Romney, Paul, Sununu

Advertisement

 At the Forward, JJ Goldberg makes the case that Mitt Romney as a weak first and Ron Paul as a strong second add up to bad news for pro-Israel Republicans.

His reasoning: For Romney to keep Paul from bolting and launching a third-party bid — all but guaranteeing Romney’s loss to President Obama — he needs to defer to some of Paul’s positions.

Romney already has said he would vote Paul if he were the candidate. 

Now that’s hardly a deference to Paul on policy.

And should it come to such a deference, Romney could conceivably nod to Paul policies that have nothing to do with Israel — smaller government, for instance, or bringing troops home.

But JJ detects something a little ominous in Romney’s alliance in New Hampshire with former governor John Sununu, whose Israel antipathy is well known now — but wasn’t so much in 1988:

[[READMORE]]

For those with long memories, it harkened back to the 1988 election, when Sununu was Republican candidate George H.W. Bush’s national campaign manager. Pro-Israel hawks were beating the drum for Bush that year, warning that Democratic candidate Michael Dukakis was a threat to Israel because Jesse Jackson was prominent in his party. Bush was Israel’s true friend, they said.

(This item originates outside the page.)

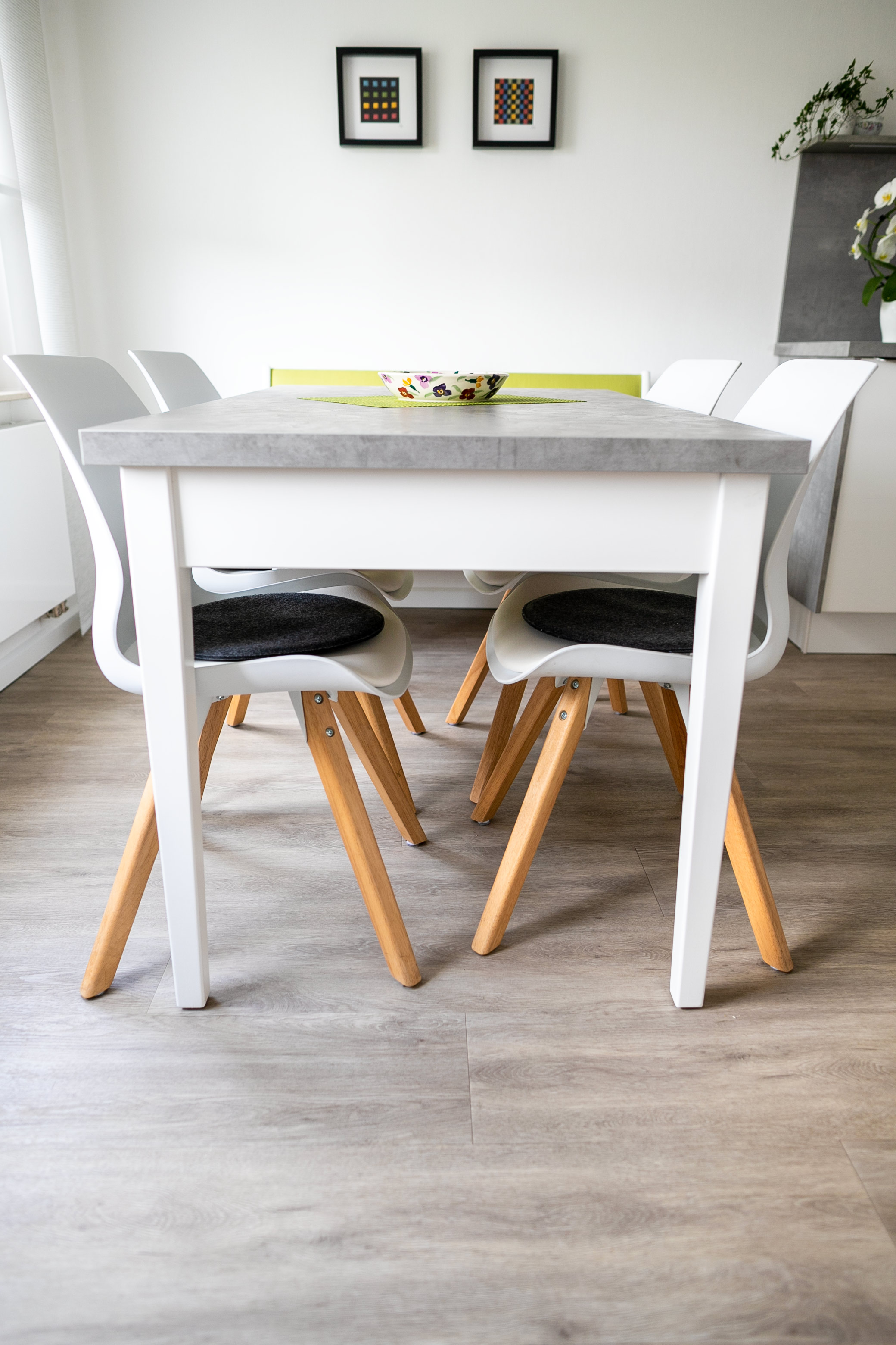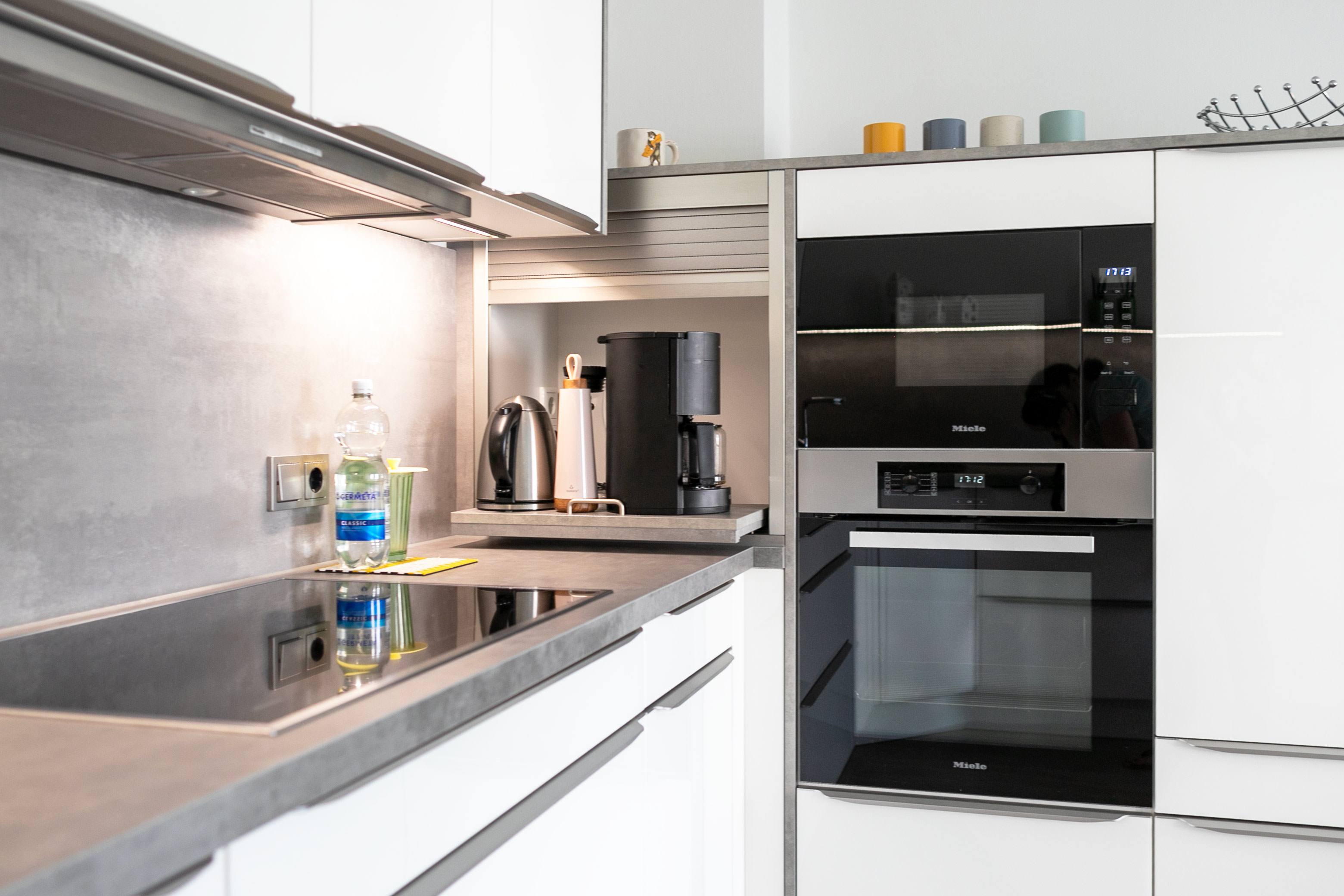 Details: Nischenrückwand im Beton-Dekor mit LED-Beleuchtung, Eckschrankbeschlag Magic-Basket, Handtuchhalter, Flachschirm.Dunsthaube, Rollo-Aufsatzschrank, übertiefe Hoschschränke, farblich passende Tischgruppe
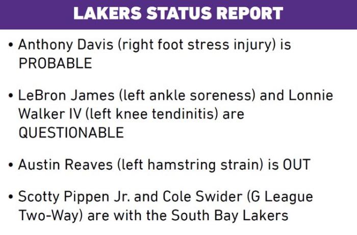 JRS直播网01月28日讯 ,湖人下一场对阵凯尔特人的伤情出炉,詹姆斯(左脚踝酸痛)、朗尼-沃克(左膝伤病)被列为出战成疑,50%可能性出战;浓眉(右脚应激伤病)大概率出战,75%可能性;里夫斯(左腿筋拉伤)、小皮蓬和斯威德缺席比赛。

Nobody paid much attention to Sununu until after Election Day, even though the press was reporting some alarming facts about him (I remember, because I wrote the stories). One of the highest-ranking Lebanese Americans in national politics — and the only one then active in Arab-American community affairs — Sununu was also the only one of the 50 governors who refused to sign a 1987 proclamation saluting the 90th anniversary of Zionism and calling on the United Nations to rescind its Zionism-racism resolution. His reasoning was that governors shouldn’t dabble in foreign affairs — though he’d issued proclamations honoring Bastille Day and saluting Polish freedom on Pulaski Day. In 1988 he issued a proclamation honoring the veterans of the U.S.S. Liberty, an American naval vessel mistakenly attacked by Israeli jets in June 1967, causing 34 deaths. Sununu called the attack “vicious and unprovoked.”

Bush’s Jewish supporters insisted Sununu’s views didn’t reflect Bush’s. When word came out that Sununu was to be White House chief of staff, they said he wouldn’t be involved in Middle East policy. They said Bush was a devoted friend of Israel. Then we found out he wasn’t.

We hadn’t seen much of Sununu lately, until Romney went and found him. Or they found each other.